Let’s put this in perspective:
» FACT NO. 1: Cal is two botched plays from a perfect season.
Against Oregon State, the Bears played a redshirt freshman at quarterback, Kevin Riley, who had never started a game and, in fact, had hardly played. Riley played well after a shaky first quarter and had driven the Bears downfield to be in position to either tie the game or win it. Then, he had brain lock, understandable for a 19-year-old who had never been in this situation.
Instead of throwing the ball away to stop the clock, he tried to run and, when stopped, ran to the sideline with the ball as time elapsed.
Against UCLA, the Bears were trying to position themselves for a field goal to win the game when Nate Longshore threw an interception that was returned for a touchdown.
That’s hardly a program meltdown.
» FACT NO. 2: Jeff Tedford is the most successful Cal coach since the early Pappy Waldorf years, when the Bears went to the Rose Bowl three straight years — 1948-50. Waldorf’s last winning season was 1952, exactly half a century before Tedford’s first season at Cal.
Two more wins this season will give Tedford his sixth straight winning season, equalling Waldorf’s 1947-52 run. His teams have been to four straight bowl games. Since Waldorf, only two Cal coaches — Bruce Snyder (29-24) and Mike White (35-30) finished with winning career records. Tedford is 48-22, and his .686 winning percentage is superior to Waldorf’s .670.
» FACT. NO. 3: Since Tedford has been at Cal, the graduation rate of football players, which had been below 50 percent, has risen dramatically. Of the 20 players he recruited for his first class, 16 have graduated, an 80 percent rate. The NCAA tracking system, which measures progress to graduation, has every player on track to graduate; the eventual graduation rate almost certainly won’t be 100 percent, but it will be high.

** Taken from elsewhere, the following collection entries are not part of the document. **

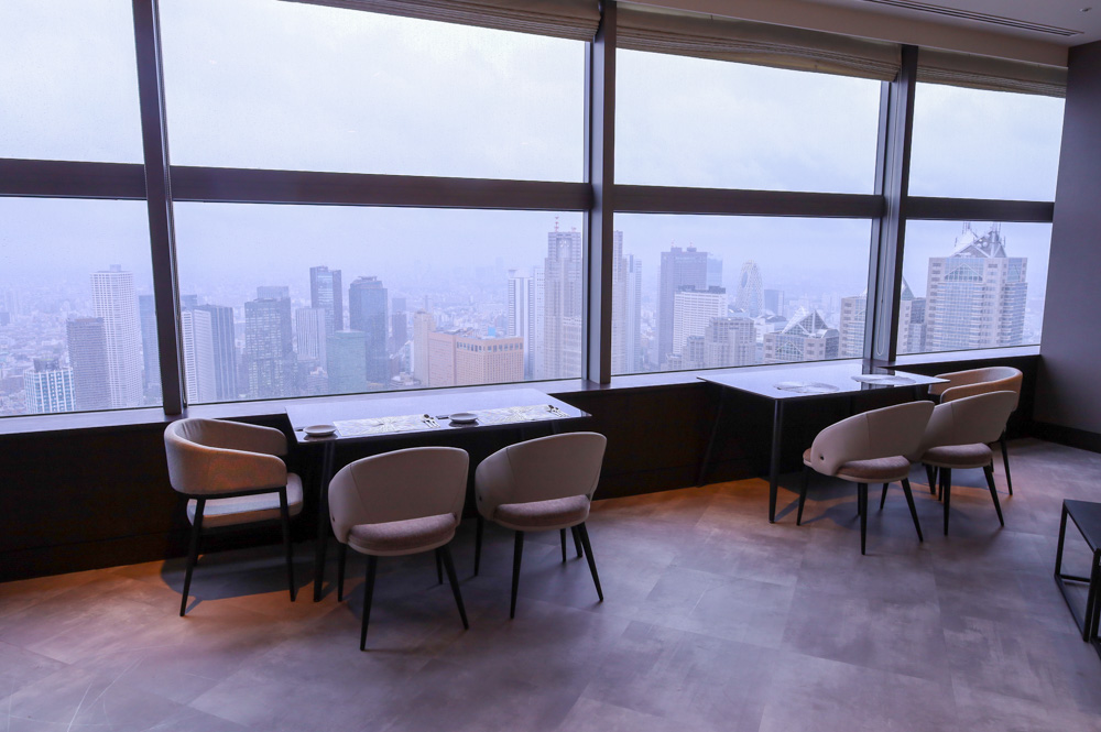 53階という特別なロケーションからは、ガラス越しに広がる東京の街並みを一望。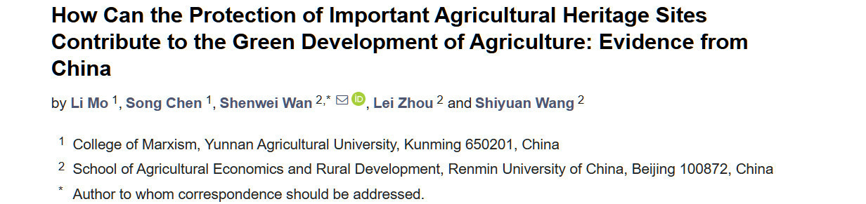 Перевод статьи «How Can the Protection of Important Agricultural Heritage Sites Contribute to the Green Development of Agriculture: Evidence from China» авторов Mo L, Chen S, Wan S, Zhou L, Wang S., оригинал доступен по ссылке. Лицензия: CC BY. Изменения: переведено на русский язык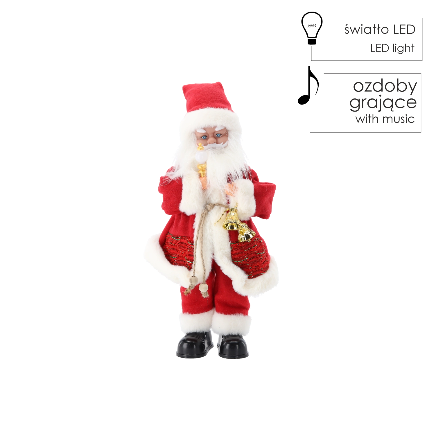 Cette élégante décoration de Noël associe le motif traditionnel du PÈRE NOËL à des éléments modernes – éclairage LED et fonction musicale. Des détails soignés, un costume doux et des accessoires comme la bougie ou la clochette apportent à votre intérieur une touche chaleureuse et festive.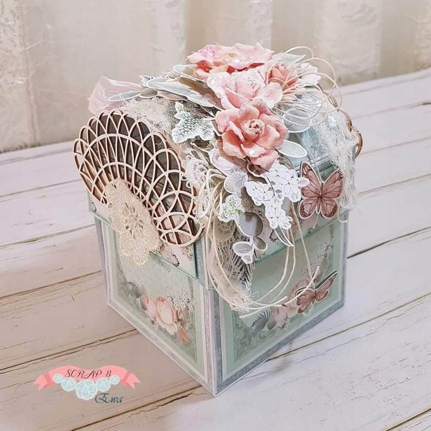 Взрывающаяся коробка 10x10x10см скрап8 белый

This is no accident.
Tedford and his assistants closely monitor their players’ academic progress.
That last fact may be the most significant because it shows that Tedford has been successful without sacrificing academics, as so many top-10 schools do.

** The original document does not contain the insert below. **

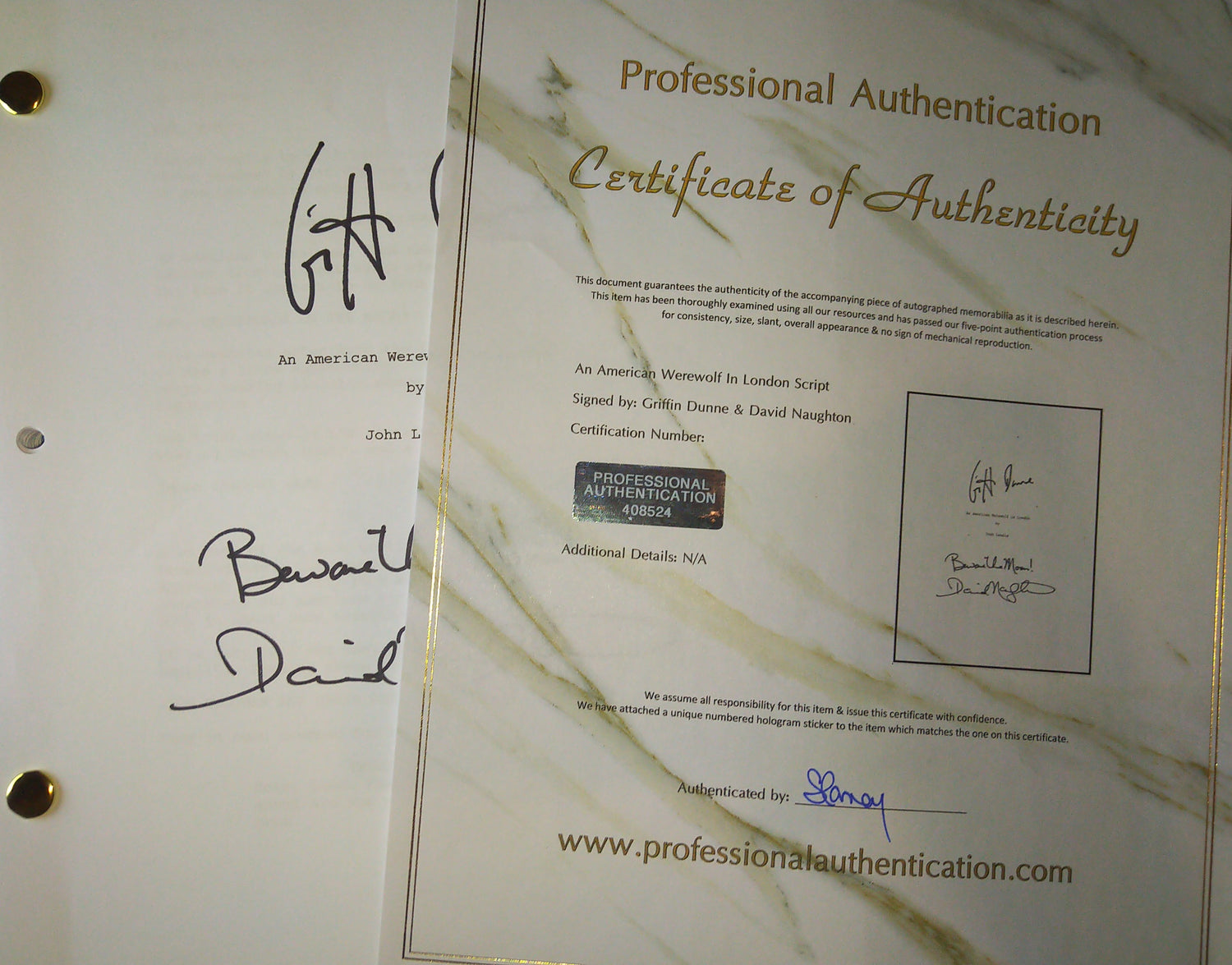 Griffin Dunne & David Naughton Hand Signed Autograph Script COA American Werewolf In London

Much of the criticism of Tedford has come from younger alums who don’t realize — or don’t want to — how Tedford has transformed the negative atmosphere around Cal football.
And some of the criticism is just plain silly. The most prevailing, for instance, is that he “plays not to lose.” Really? Instead of going for a game-tying field goal against Oregon State, he was trying to get a touchdown to win the game on that botched play. Against UCLA, the Bears threw 34 passes and ran the ball 30 times. They passed 17 times on first down, ran only 10. Longshore was throwing to try to get a first down when he was intercepted.
Cal is very lucky to have Tedford. The younger alums need to realize that and quit their whining — or transfer their allegiance to a Florida school if winning is the only thing that matters to them.